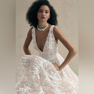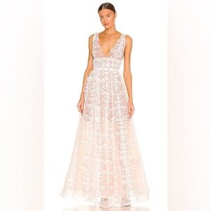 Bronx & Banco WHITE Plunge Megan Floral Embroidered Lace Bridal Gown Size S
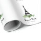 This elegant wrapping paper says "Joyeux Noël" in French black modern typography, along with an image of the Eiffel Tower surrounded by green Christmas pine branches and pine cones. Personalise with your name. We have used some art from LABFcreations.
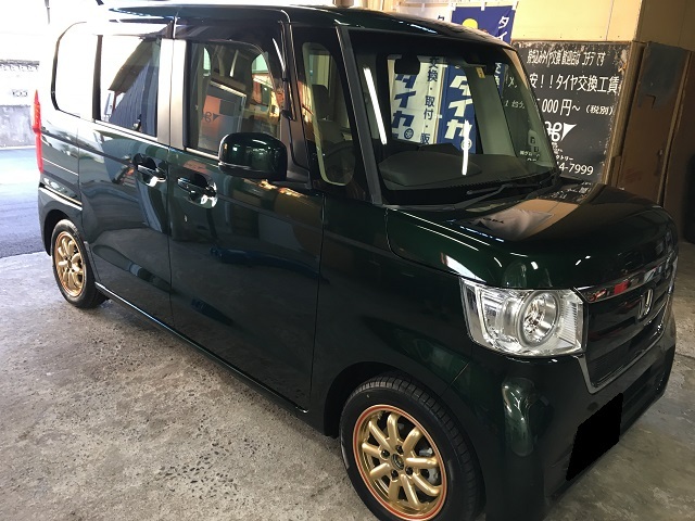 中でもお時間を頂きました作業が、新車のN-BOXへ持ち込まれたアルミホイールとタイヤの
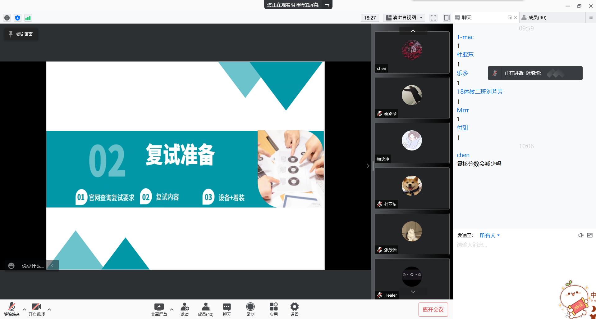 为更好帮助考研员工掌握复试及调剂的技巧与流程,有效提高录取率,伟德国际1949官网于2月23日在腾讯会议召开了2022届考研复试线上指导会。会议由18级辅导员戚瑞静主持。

**What is needed**: Give the data above again in full and unchanged, skipping the pictures.

**Problem solution**:
 Bronx & Banco WHITE Plunge Megan Floral Embroidered Lace Bridal Gown Size S
 This elegant wrapping paper says "Joyeux Noël" in French black modern typography, along with an image of the Eiffel Tower surrounded by green Christmas pine branches and pine cones. Personalise with your name. We have used some art from LABFcreations.
 中でもお時間を頂きました作業が、新車のN-BOXへ持ち込まれたアルミホイールとタイヤの
 为更好帮助考研员工掌握复试及调剂的技巧与流程,有效提高录取率,伟德国际1949官网于2月23日在腾讯会议召开了2022届考研复试线上指导会。会议由18级辅导员戚瑞静主持。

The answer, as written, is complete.